Книга Личный ущерб, страница 64. Автор книги Скотт Туроу

Разделитель для чтения книг в онлайн библиотеке

Онлайн книга «Личный ущерб»

Cтраница 64

Стэн поднялся с металлического сиденья и, согнувшись в три погибели, на первом же светофоре отбил превосходную чечетку, приговаривая:

— Это же чистое вымогательство, вымогательство, вымогательство…

А вот я не радовался. Моего отца называли, вернее, обзывали защитником черномазых, потому что он еще в пятьдесят седьмом году пытался добиться приема в коллегию адвокатов нашего округа афроамериканцев. Несмотря на это, я вырос с ощущением вины перед ними. И, как многие в моем возрасте, дал себе клятву делать все, чтобы мир стал лучше. Было очень грустно услышать от Робби, что Шерман — взяточник, но в это еще можно поверить. Шерм ведь ужасный циник. А вот того, что несколько лет назад случилось с моим приятелем Клифтоном Берингом, я никак не ожидал.

Клифтон учился в Итоне в одной группе со мной и Стэном. Он был первым афроамериканцем, который участвовал в работе над «Юридическим обозрением». Красивый, одаренный парень, приятный во всех отношениях, слегка опьяневший от разворачивающихся перед ним великолепных перспектив. Отец Клифтона служил копом в округе Киндл, и парень всегда чувствовал себя одинаково свободно и с борцами за гражданские права, и с партийными функционерами. Он был членом муниципального совета округа и рассматривался как серьезный кандидат на пост мэра после кончины Огастина Болкарро. На некоторое время он пропал из виду, а потом я снова услышал о нем в связи с громким делом о коррупции. Это произошло вскоре после того, как Сеннетт вступил в должность федерального прокурора. Клифтона подвела радиоэлектронная аппаратура. В наши дни она стала такой совершенной. Он встретился в номере отеля с представителем организации, заинтересованной в снижении зональных тарифов в центре города. Как выяснилось, номер был оборудован подслушкой, а его собеседник находился под колпаком ФБР. В общем, Клифтон влип по уши. Он не только принял взятку в пятьдесят тысяч долларов, пообещав устроить с тарифами все как надо, — именно так он и сказал, — но и нахально потребовал, чтобы в следующий раз после всего в номере появилась девушка. И добавил еще одно слово: «белая», решившее его печальную судьбу. Такое ни один суд присяжных простить не мог.

Мне передали просьбу Клифтона помочь с апелляцией. Я пришел в тюрьму и, увидев его в оранжевом комбинезоне, не смог сдержаться. Задал вопрос, который, видит Бог, совсем не собирался задавать. «Почему? Клифтон, почему так получилось? Зачем тебе это понадобилось, обеспеченному, с перспективами?» Он грустно посмотрел на меня и ответил: «Потому, Джордж. Потому что такова жизнь. Просто теперь настала наша очередь».
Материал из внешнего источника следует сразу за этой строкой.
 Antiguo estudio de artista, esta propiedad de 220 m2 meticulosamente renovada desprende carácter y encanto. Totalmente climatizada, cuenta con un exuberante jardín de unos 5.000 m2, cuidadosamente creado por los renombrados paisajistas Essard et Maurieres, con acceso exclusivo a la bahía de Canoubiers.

Наверное, от Шерма Краудерза я услышал бы что-либо похожее. Тон скорее всего был бы раздраженный, уничижительный. Он сказал бы мне, что я дурак, если верил, будто жизнь можно как-то изменить, и объяснил бы, что несправедливо требовать от него другого поведения, когда многие поколения белых людей, обладающих такой же властью, как и он, использовали ее для повышения своего благосостояния.
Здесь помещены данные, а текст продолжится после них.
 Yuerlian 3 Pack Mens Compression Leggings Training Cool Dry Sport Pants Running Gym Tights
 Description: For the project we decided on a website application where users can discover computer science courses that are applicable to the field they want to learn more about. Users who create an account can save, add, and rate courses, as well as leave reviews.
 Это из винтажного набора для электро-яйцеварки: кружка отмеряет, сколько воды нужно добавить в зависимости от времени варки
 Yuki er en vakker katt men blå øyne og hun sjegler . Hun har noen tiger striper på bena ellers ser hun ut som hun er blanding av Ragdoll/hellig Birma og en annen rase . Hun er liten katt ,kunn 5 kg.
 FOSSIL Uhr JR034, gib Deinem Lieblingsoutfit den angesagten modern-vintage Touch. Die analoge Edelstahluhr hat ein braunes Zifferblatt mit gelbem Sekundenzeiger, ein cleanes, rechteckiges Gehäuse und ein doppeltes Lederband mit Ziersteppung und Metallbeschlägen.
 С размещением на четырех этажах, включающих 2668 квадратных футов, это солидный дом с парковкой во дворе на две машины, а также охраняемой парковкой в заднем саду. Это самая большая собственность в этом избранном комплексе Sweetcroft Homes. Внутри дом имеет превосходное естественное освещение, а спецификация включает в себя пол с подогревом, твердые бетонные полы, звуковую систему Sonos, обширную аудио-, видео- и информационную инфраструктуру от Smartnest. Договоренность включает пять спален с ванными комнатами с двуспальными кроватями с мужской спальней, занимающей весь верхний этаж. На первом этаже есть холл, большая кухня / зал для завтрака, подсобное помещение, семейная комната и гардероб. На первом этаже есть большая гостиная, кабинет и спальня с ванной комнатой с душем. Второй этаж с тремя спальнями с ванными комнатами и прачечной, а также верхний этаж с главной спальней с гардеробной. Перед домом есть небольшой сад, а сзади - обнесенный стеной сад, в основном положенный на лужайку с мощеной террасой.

Полагаю, в этом была какая-то логика, но я ее не принимал. Я не мог поверить, что Клифтон Беринг, умница и добряк, презрел абсолютно все ценности, которые — я это знал — когда-то были для него святы. Клифтон думал, что подражает некоторым белым, но он их совсем не понимал. У таких, как Брендан Туи, были курьеры, посредники и тысяча защитных слоев. Они никогда не высовывались сами, а спокойно наблюдали за всем, сидя в сторонке. Эти хитрые, коварные, высокомерные люди — можно придумать еще множество эпитетов — всегда действовали с большой осторожностью. Как он не понимал, что его представление о власти белых всего лишь гротескная карикатура? Но Клифтон все это видел именно так. Как, впрочем, и я никогда не замечал, каким одиноким ощущал себя он, несмотря на все свои таланты. Фундаментальная граница, разделяющая нас на белых и черных, вдруг разверзлась до размеров пропасти, и мы, дружившие почти тридцать лет, оказались по разные стороны. Я с грустью наблюдал, как в ней исчезает Клифтон вместе со всем хорошим, что он должен был сотворить, но так и не сумел.

И вот теперь в ту же пропасть нырнул Шерман. Он стремительно падал, самодовольно ухмыляясь. Весь ужас состоял в том, что Шерм совершенно не осознавал, кто на самом деле подтолкнул его к краю. Ему казалось, и Шерм этим очень гордился, что он один понимает, как подчинить себе эти силы. Но это сделали именно они.

27

Здоровье Лоррейн неизменно ухудшалось, и одновременно ухудшалось настроение Робби, несмотря на относительные успехи операции. На следующий день после встречи с Краудерзом, часа в два, ему позвонила жена, сказала что-то, и он заторопился домой. Ивон не имела права упускать его из виду ни при каких обстоятельствах, и ей пришлось спуститься с ним в гараж к «мерседесу».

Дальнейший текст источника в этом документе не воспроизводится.